Targeted Molecular Imaging and Therapy Based on Nuclear and Optical Technologies

Mikako Ogawa

doi:10.1248/bpb.b24-00008

Abstract

Both nuclear and optical imaging are used for in vivo molecular imaging. Nuclear imaging displays superior quantitativity, and it permits imaging in deep tissues. Thus, this method is widely used clinically. Conversely, because of the low permeability of visible to near-IR light in living animals, it is difficult to visualize deep tissues via optical imaging. However, the light at these wavelengths has no ionizing effect, and it can be used without any restrictions in terms of location. Furthermore, optical signals can be controlled in vivo to accomplish target-specific imaging. Nuclear medicine and phototherapy have also evolved to permit targeted-specific imaging. In targeted nuclear therapy, beta emitters are conventionally used, but alpha emitters have received significant attention recently. Concerning phototherapy, photoimmunotherapy with near-IR light was approved in Japan in 2020. In this article, target-specific imaging and molecular targeted therapy utilizing nuclear medicine and optical technologies are discussed.

1. INTRODUCTION

The term “molecular imaging” has been frequently used since approximately 2000 to describe the imaging of biomolecules in vivo. Various imaging agents and methods have been developed, and molecular imaging technology has achieved sufficient maturity for use in both basic studies and clinical applications. Nuclear imaging and optical imaging are representative methods for molecular imaging. Sensitivity is a key factor for detecting biomolecules in vivo. These imaging modalities are superior to other in vivo imaging modalities in terms of sensitivity; that is, fewer chemical doses of imaging agents are required.

Nuclear imaging using electromagnetic waves with short wavelengths is characterized by the high permeability of electromagnetic waves through the body and excellent quantitativity. Optical imaging using electromagnetic waves in the visible to near-IR range has no ionizing effect, allowing its use without any restrictions concerning location. Furthermore, the optical signal can be controlled in vivo to achieve high specificity for the molecular target.

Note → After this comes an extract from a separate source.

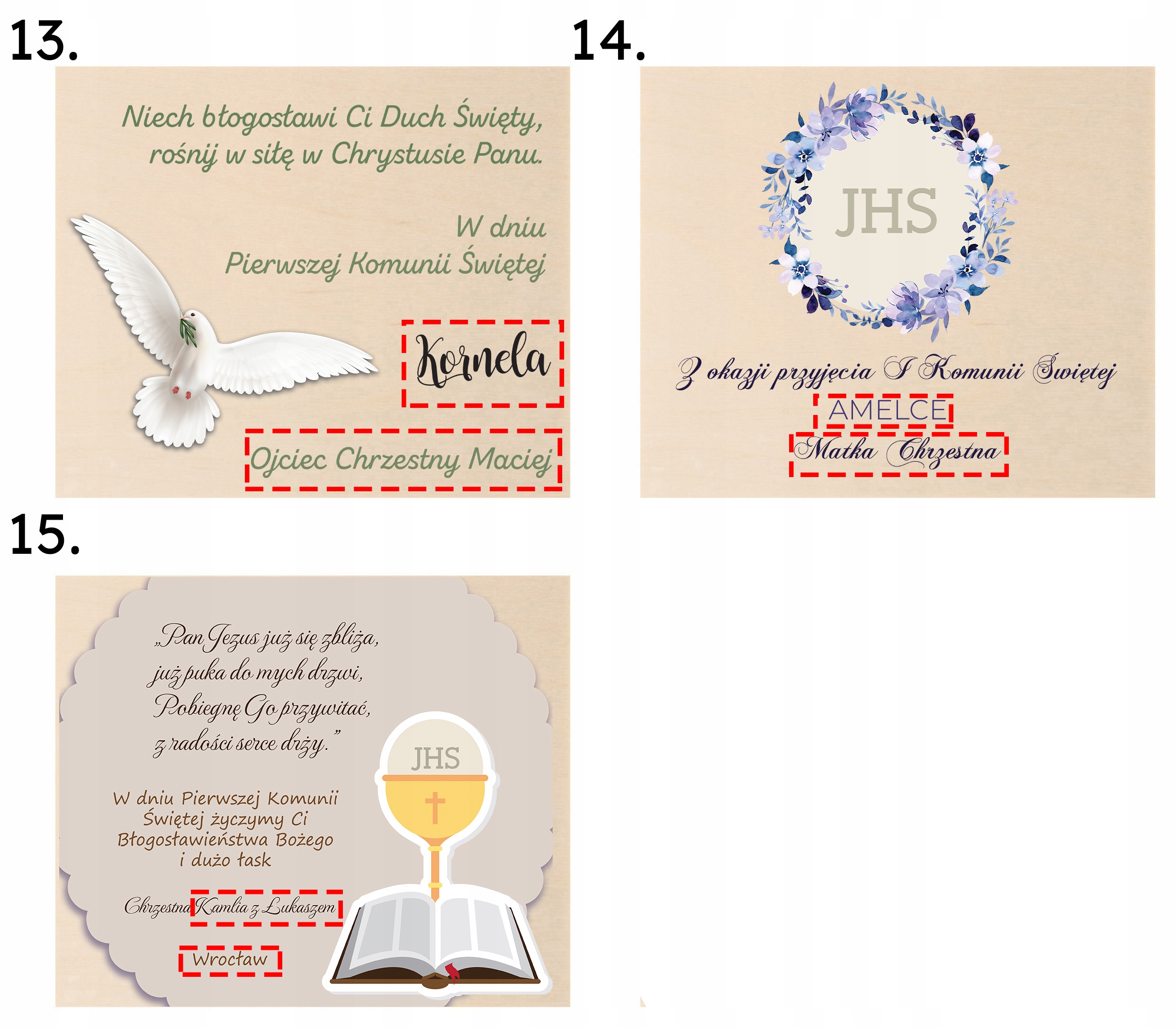 *Возможно вносить изменения вне отмеченных мест, например при изменении множественного числа на единственное, мужской формы на женскую или наоборот. При покупке дополнительной услуги гравировки (доступна на других наших аукционах) мы можем заменить текст с выкройки на текст, предоставленный покупателем. Помните, что количество отправленных клиентом символов должно соответствовать количеству символов текста из шаблона.

Nuclear medicine and phototherapy have also evolved concerning their molecular targeting nature. By replacing the signal molecule for imaging with therapeutic molecules, molecular targeted therapy is possible.

This review describes the properties and examples of target-specific imaging and molecular targeted therapies that can be applied in the clinic.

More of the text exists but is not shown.